As far as I think I understand it... There are indeed proofs in maths. But tripping point comes in applying the maths to the physical world. At this point maths serves to become a useful algorithm for predicting and mapping physical phenomena. Newtonian maths was sufficient and coherent until Einstein and relativity came along. Einstein didn't say Newtonian maths was internally incorrect, but just that it wasn't a sufficiently detailed description of the physical world. Where, other than in the human brain (and its supporting systems of books and computers) does maths actually exist. It's a construct, a useful tool, nothing more.


----------



## Fitzroy (15 Apr 2021)

Trainee neophyte said:


> On the subject of aliens, Iain M Banks suggested that to spot an alien, the best place to be is on Earth, during an eclipse. The fact that the sun and moon are virtually the same size as viewed from earth is incredibly unusual cosmologically, so there should be lots of exotourists coming to gawp at the rare sight.
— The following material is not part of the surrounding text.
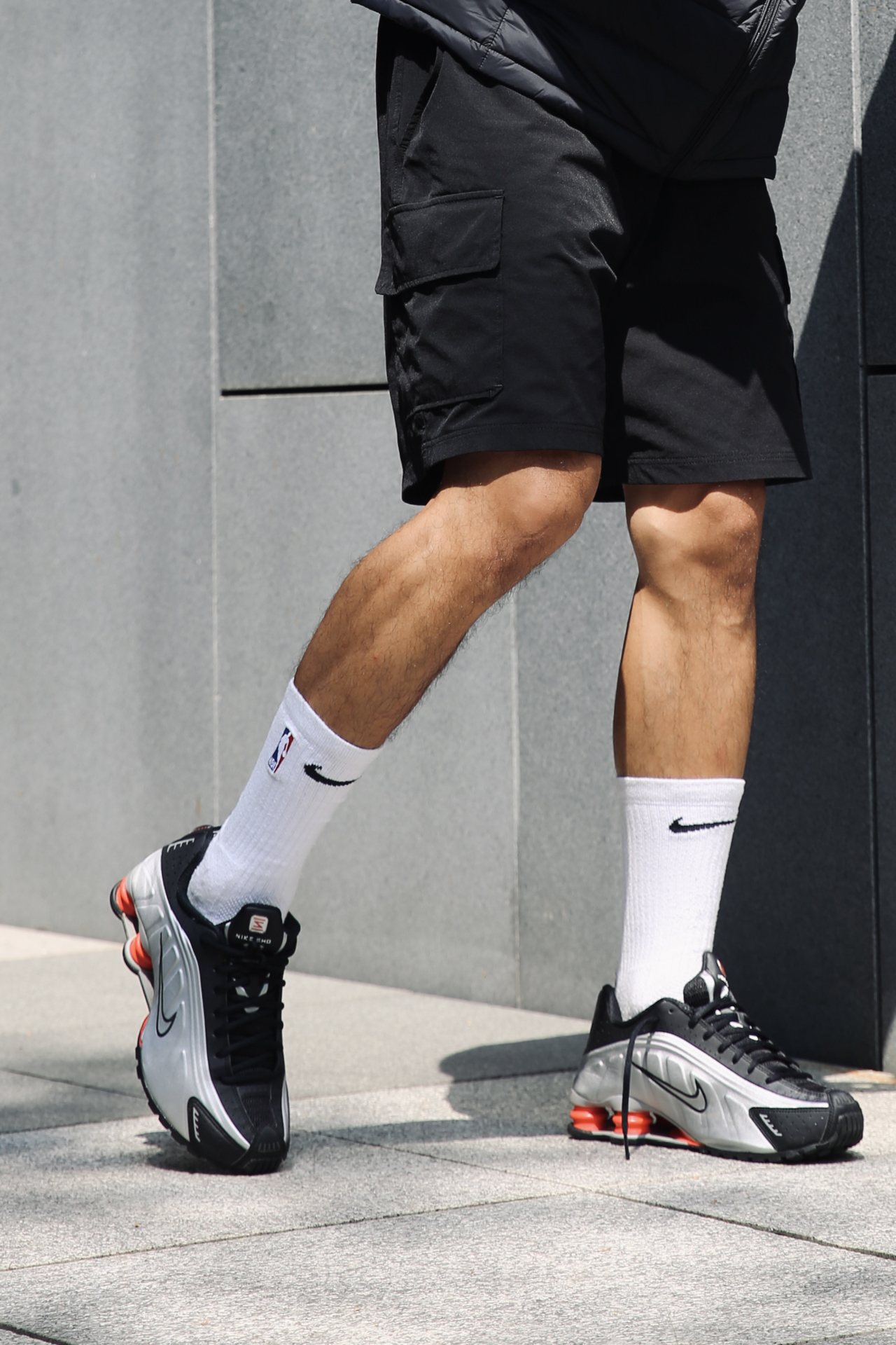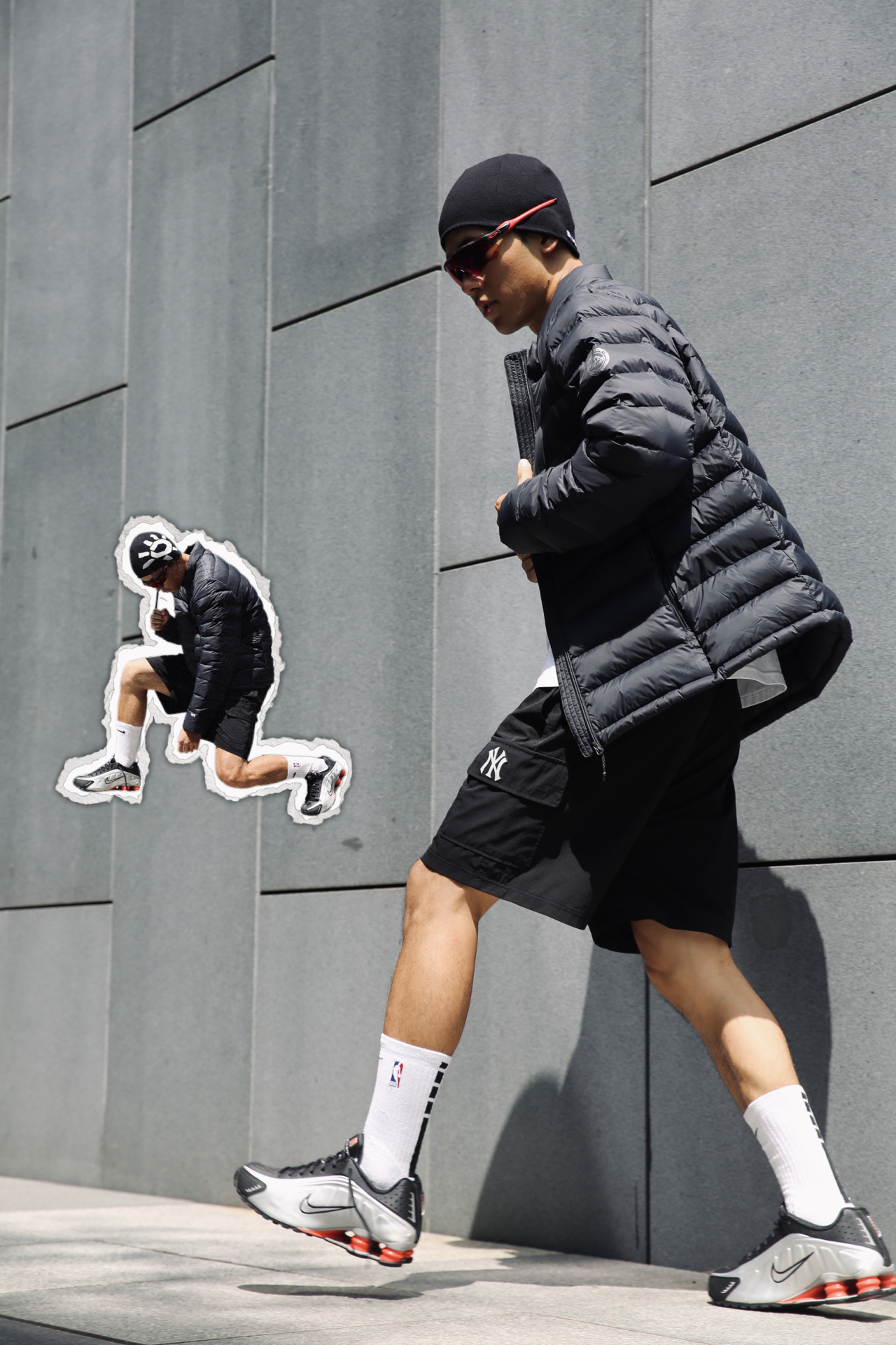 👕 白T打底套上黑色羽绒服,面包廓形让上身更有型。红色镜片撞色点缀,加满街头气场。 🩳 下身工装短裤轻松透气,把羽绒的厚重感中和掉,露出腿部更显层次感,街头感直接拉满。 👟 脚上的 NIKE Shox R4 经典又抢眼,后跟气柱与红色镜片相呼应,形成强烈的视觉冲击,走路就是稳稳的焦点。 ✨ 谁说羽绒服只能臃肿?搭配对了,街头vibe一样拿捏! #街头vibe包帅的

Next time you are watching a total eclipse, look at the people next to you rather than at the sky.



I bloody knew my neighbour was weird!


----------



## Amateur (15 Apr 2021)

Sorry I'm late....
Emergency on Ultron.......

Right
Carry on...


----------



## Spectric (15 Apr 2021)

AdrianUK said:


> If there are little green men in sheds on another planet, I reckon they all agree on how to sharpen their tools


That is a human assumption that we are really clever but is it not possible that the little green men have vastly superior tools that never need sharpening.


----------



## Terry - Somerset (15 Apr 2021)

The galaxy is about 13bn years old. 13,000,000,000 years!

Only in the last few decades have we got remotely close to understanding how physics, chemistry and the universe works. We may anyway be wrong.

In terms of the 24 hour clock we are a few milliseconds to midnight. A second is about 150,000 years. 25 times as long as writing has been around, and around 250-500 times as long since the renaissance signalled the start of the scientific age.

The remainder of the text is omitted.